Tuesday, 28 September 2010

Lies to a 21st Century woman

We can have it all?

I'm stuck in one of those anxiety ruts at the moment, you know the kind where you can go round and round in circles for ages because there isn't an obvious answer and actually I need to make a choice and live with it.  The source of the problem is my intended return to work at the end of my maternity leave.

The two children I have present different issues in this scenario, the eldest is at school now and before and after school care is an issue, I don't want to be one of the band of invisible parents at the school gate, I don't want other people collecting her and hearing about her day before I do and yet when that same little girl comes home waving a letter for the school trip or asking for music lessons or something else of  worth that is important to her I don't want to see the disappointed look that nothing but an unequivocal 'Yes!' would put on the face of that little girl that I love so much.  My second child is still a young baby and the situation at the moment is clearer for me, quite simply I do not wish to leave her in the institutional care of a nursery from 11 months of age but as she grows I hope the same for her that I can offer experiences across the full spectrum of life and sometimes in our society you need money to pay for that.

That brings me on to another issue and as younger people we try not to think about it but in our society we need to seriously consider pensions and care for the elderly.  The statistics are scary and without pension provision for our later years we could all too easily find ourselves on the poverty line, whether we work or not has a direct impact on our standard of living and well being at one or other time in our lives.

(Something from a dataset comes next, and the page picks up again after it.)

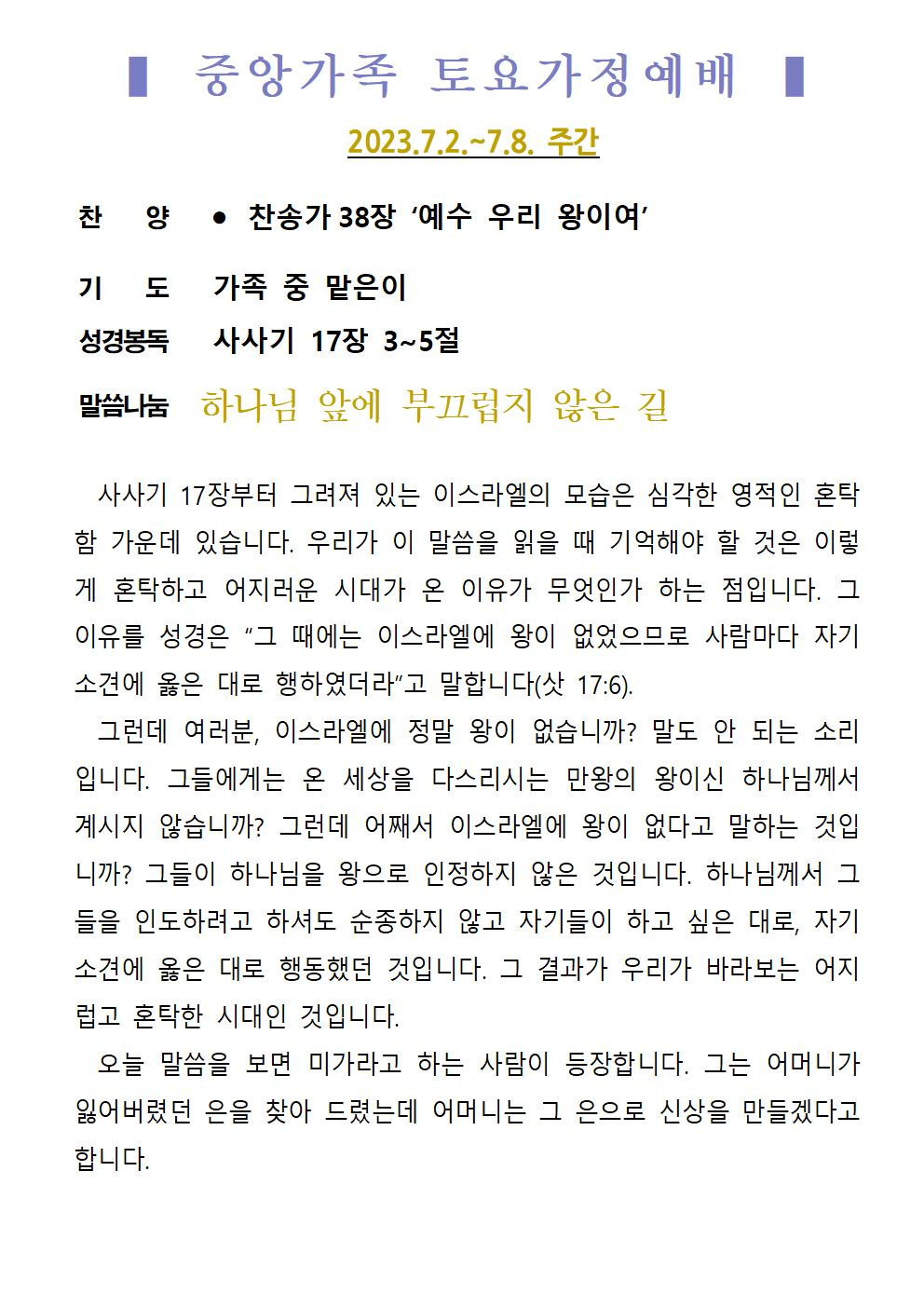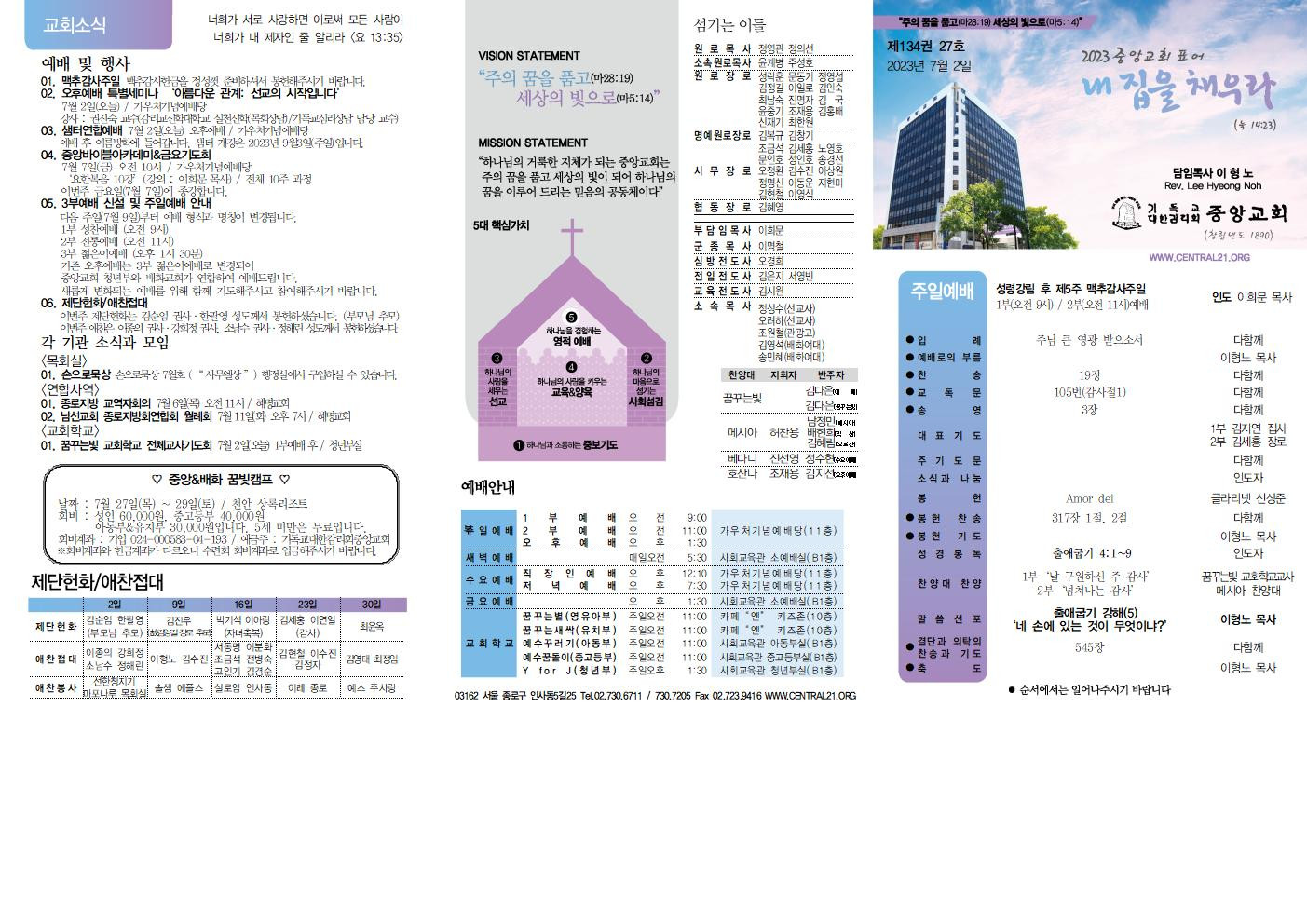 교회소식 교회소식주보 교회소식 주보 교회소식주보 2023년 7월 2일 주일 주보 주보 2023-06-30 김은지 첨부파일 2023주보썸네일.jpg 중앙새주보_230702001.jpg 중앙새주보_230702002.jpg 중앙가족 가정예배서 20230702001.jpg 중앙가족 가정예배서 20230702002.jpg 목록 이전 :: 2023년 6월 25일 주일... 2023년 7월 9일 주일... :: 다음

I have said since my first daughter was born that I want to set my children an example that women can work and still be good parents, that as girls they must understand and believe that women can do anything they choose and not simply stay at home and raise babies.  In some ways I stand by this because I believe with all my heart that a woman who sets her mind to it can do anything but I now realise this was partly wrong, first the assumption that bright, strong, intelligent women don't choose to stay at home as a valid alternative to pursuing a career and second that all those qualities and a lot more beside aren't needed to be the kind of Mother that your children deserve that somehow being home and raising children is second rate to having a career.

The debate between staying at home and going to work whilst  your children will rage on in the background as I seek out the best option for my family at this time and in the meantime as I go round chasing rainbows I'll keep my eyes open for the pot of gold at the end of them.